#### YOUR OBJECTIVE:
Your answer should be the exact lines of the data below from the one containing "Solange acoustic guitar" through the one containing "Borsa nera in"; please include nothing else.
───── RECORDS SUPPLIED
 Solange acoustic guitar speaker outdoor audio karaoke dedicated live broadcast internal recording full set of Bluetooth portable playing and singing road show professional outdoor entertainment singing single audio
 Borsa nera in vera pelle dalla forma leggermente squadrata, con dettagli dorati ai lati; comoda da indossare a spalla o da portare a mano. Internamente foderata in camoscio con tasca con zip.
──────────
───── RECORDS SUPPLIED
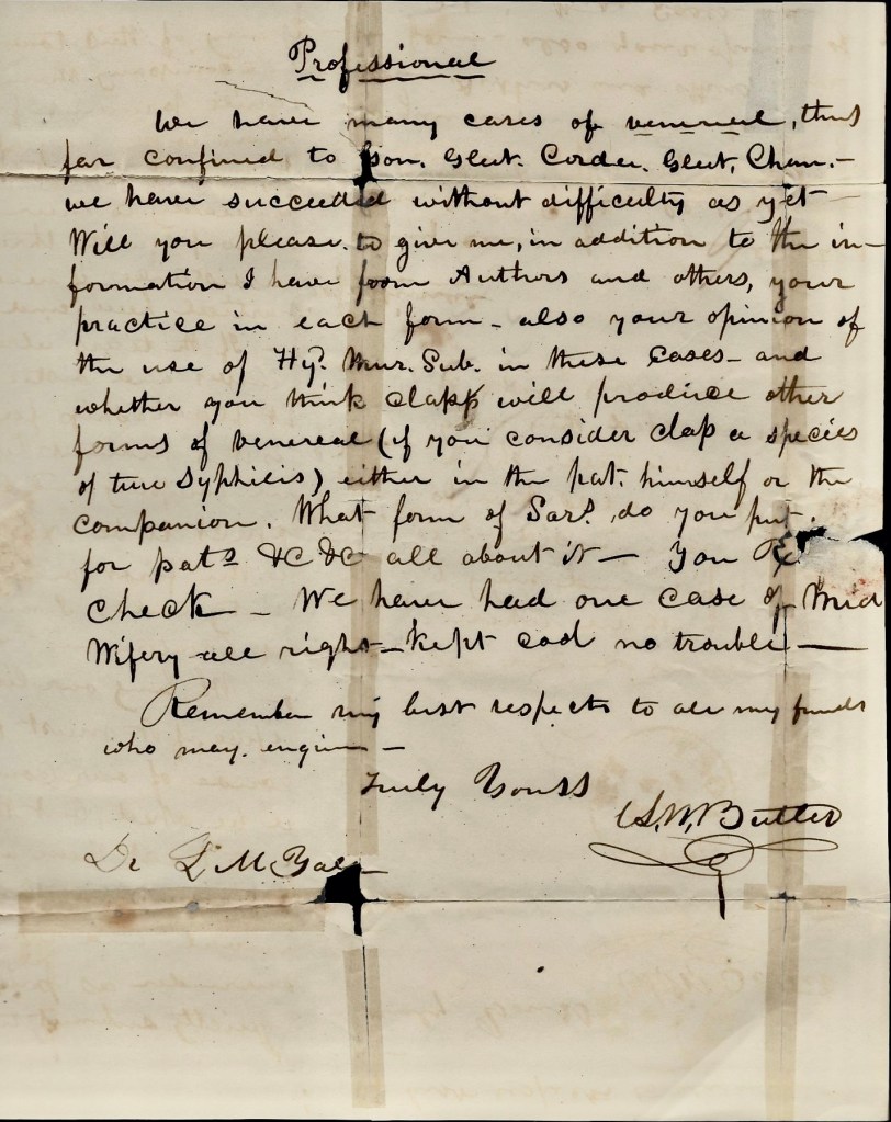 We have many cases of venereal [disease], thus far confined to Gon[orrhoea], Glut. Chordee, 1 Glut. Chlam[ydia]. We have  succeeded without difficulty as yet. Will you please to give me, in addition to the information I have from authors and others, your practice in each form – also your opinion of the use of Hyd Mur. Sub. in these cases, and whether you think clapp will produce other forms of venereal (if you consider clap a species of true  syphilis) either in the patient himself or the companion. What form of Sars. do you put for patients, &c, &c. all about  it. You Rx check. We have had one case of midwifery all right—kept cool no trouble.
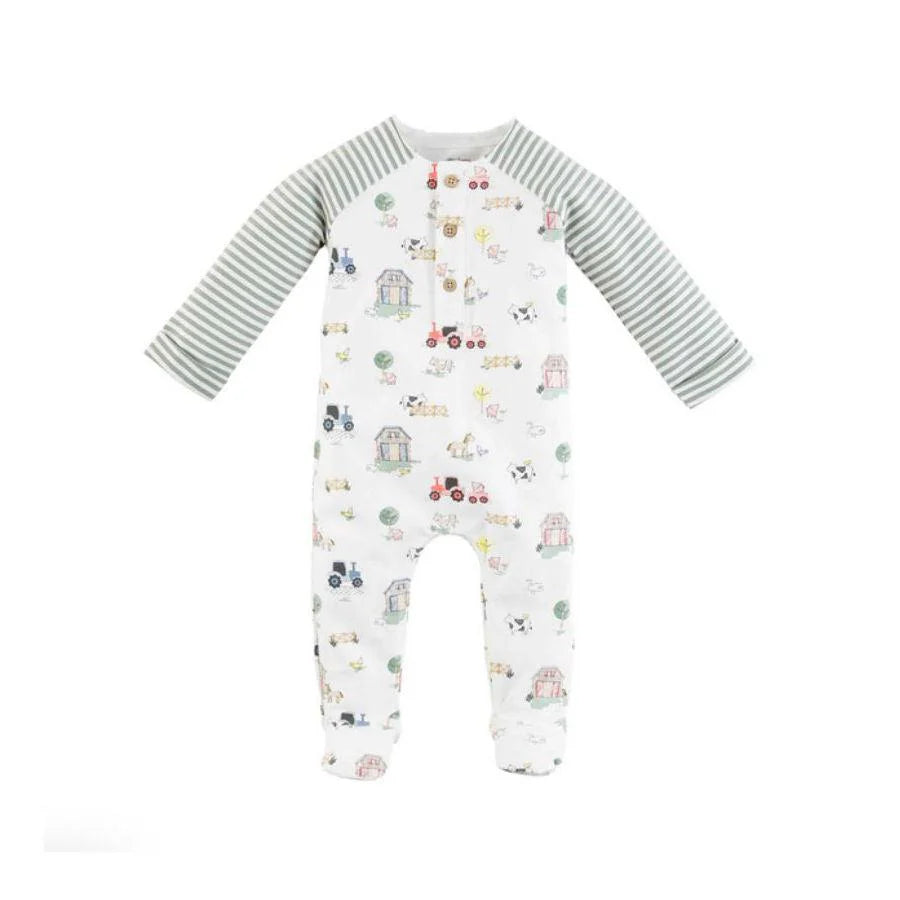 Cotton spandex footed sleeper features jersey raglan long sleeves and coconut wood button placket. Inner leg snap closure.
──────────
#### SOLUTION FOR THIS EXERCISE:
 Solange acoustic guitar speaker outdoor audio karaoke dedicated live broadcast internal recording full set of Bluetooth portable playing and singing road show professional outdoor entertainment singing single audio
 Borsa nera in vera pelle dalla forma leggermente squadrata, con dettagli dorati ai lati; comoda da indossare a spalla o da portare a mano. Internamente foderata in camoscio con tasca con zip.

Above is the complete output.